[Dataset records]
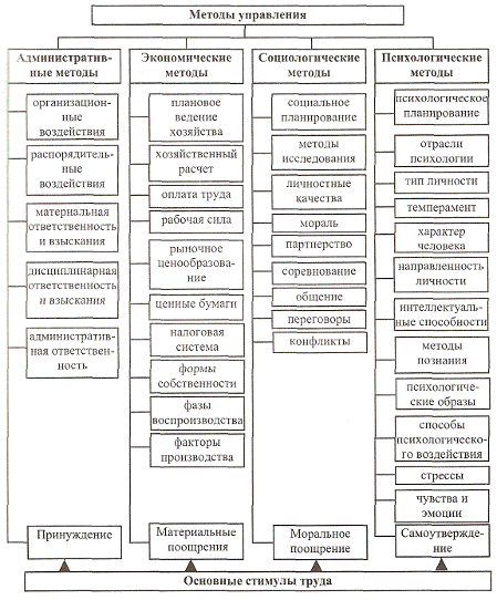 управления производством. Различают административные, экономические,
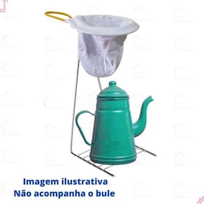 Feito em aço cromado de alta qualidade, o suporte possui medidas de 13 cm de diâmetro, 31 cm de altura e 15 cm de largura. Já o coador é confeccionado em malha 100% algodão, com aro e cabo de arame galvanizado, garantindo durabilidade e resistência.
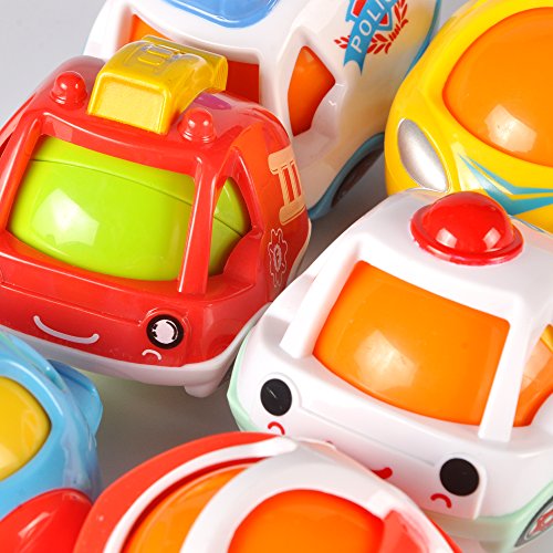 -. Feature : 6 Pack Mini Rolling Cartoon Car Vehicles for Toddlers / These Vehicles Roll without any Tiny Wheels; 100% Safe for Babies / Includes: Race Car, Fire Truck, Police Car, Ambulance, Airplane, Boat / Each Vehicle contains fun rattle beads for rattling sound effects / Perfect for little hands to grasp. Each vehicle measures 2.5 inches
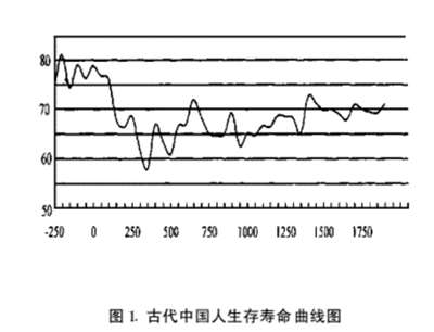另一个佐证,《古代中国人寿命与人均粮食占有量》一文中选取了秦汉到明清两千余年五千余人的生存寿命资料,这些人均来自正史、地方志、族谱等文献资料,且系正常死亡有明确的生卒年月(剔除神话色彩较重的人物),最终得出下图,这也反映了“人生七十古来稀”的描述是准确的。
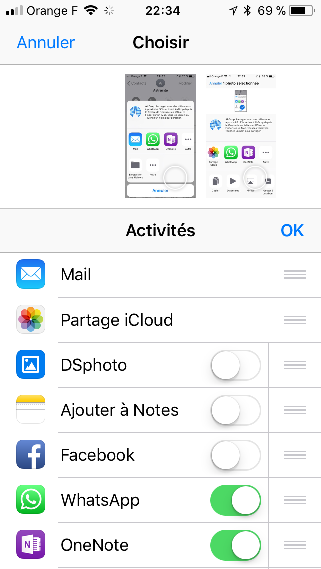 Depuis la mise à jour en IOS 11 sur mon SE impossible de récupérer l’icone Message lors d’un partage de contact ou l’envoi d’une photo.
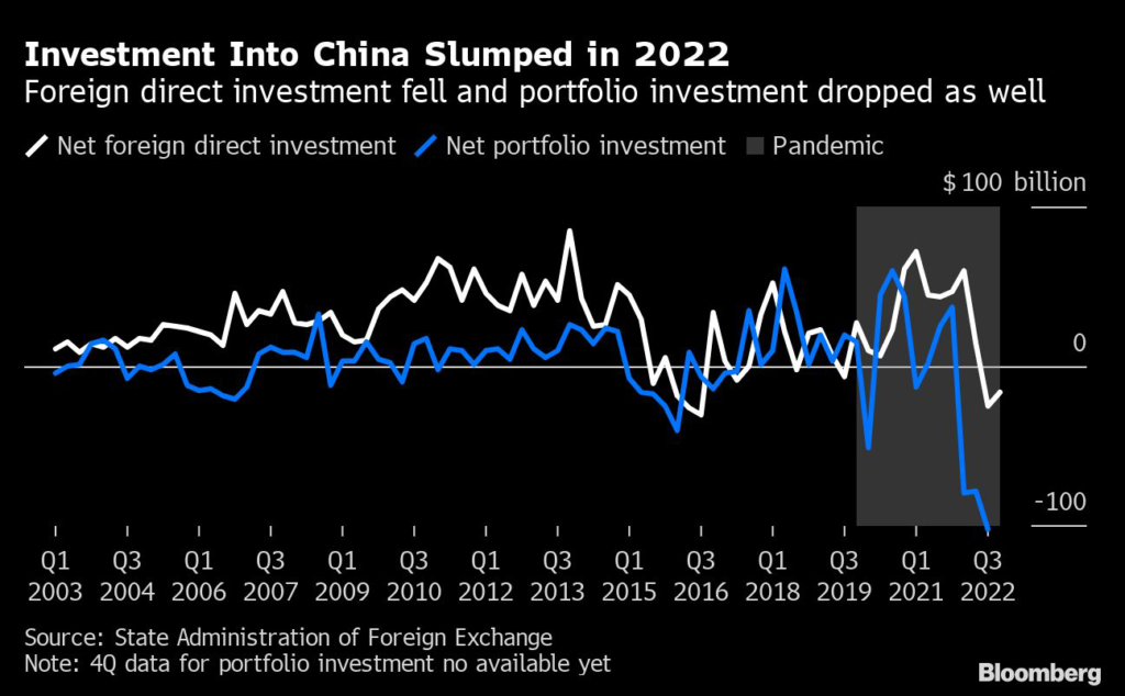 Overall inbound foreign investment dropped sharply in the second half of last year as the increasingly strict lockdowns dragged on economic growth.
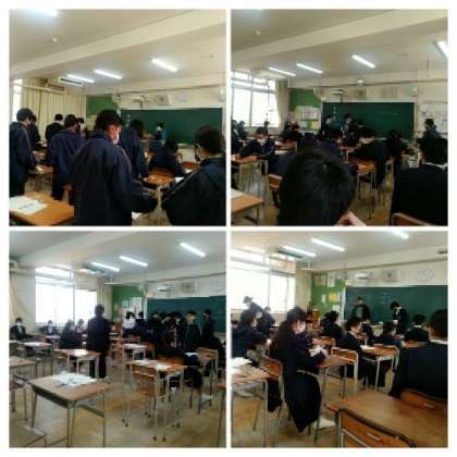 写真は1年生2年生ともに、テストが終わって解答用紙を集めているところ。教室の様子です。
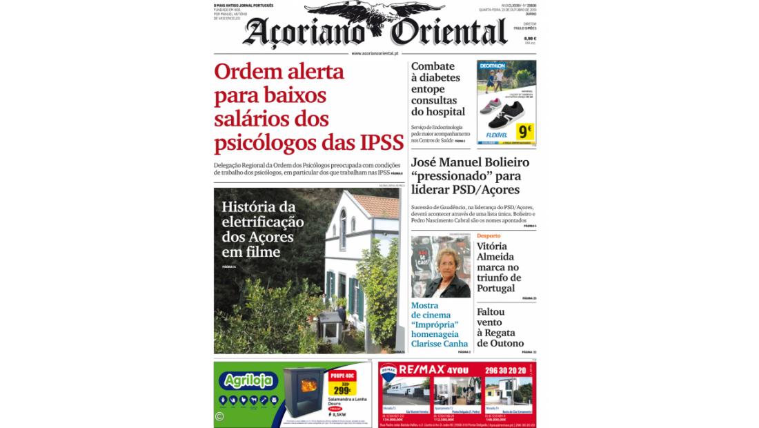 "Ordem alerta para baixos salários dos psicólogos das IPSS" é a manchete do Açoriano Oriental desta quarta-feira.

Task instructions: The records above are to be copied exactly, without their pictures.

Solution below:
 управления производством. Различают административные, экономические,
 Feito em aço cromado de alta qualidade, o suporte possui medidas de 13 cm de diâmetro, 31 cm de altura e 15 cm de largura. Já o coador é confeccionado em malha 100% algodão, com aro e cabo de arame galvanizado, garantindo durabilidade e resistência.
 -. Feature : 6 Pack Mini Rolling Cartoon Car Vehicles for Toddlers / These Vehicles Roll without any Tiny Wheels; 100% Safe for Babies / Includes: Race Car, Fire Truck, Police Car, Ambulance, Airplane, Boat / Each Vehicle contains fun rattle beads for rattling sound effects / Perfect for little hands to grasp. Each vehicle measures 2.5 inches
另一个佐证,《古代中国人寿命与人均粮食占有量》一文中选取了秦汉到明清两千余年五千余人的生存寿命资料,这些人均来自正史、地方志、族谱等文献资料,且系正常死亡有明确的生卒年月(剔除神话色彩较重的人物),最终得出下图,这也反映了“人生七十古来稀”的描述是准确的。
 Depuis la mise à jour en IOS 11 sur mon SE impossible de récupérer l’icone Message lors d’un partage de contact ou l’envoi d’une photo.
 Overall inbound foreign investment dropped sharply in the second half of last year as the increasingly strict lockdowns dragged on economic growth.
 写真は1年生2年生ともに、テストが終わって解答用紙を集めているところ。教室の様子です。
 "Ordem alerta para baixos salários dos psicólogos das IPSS" é a manchete do Açoriano Oriental desta quarta-feira.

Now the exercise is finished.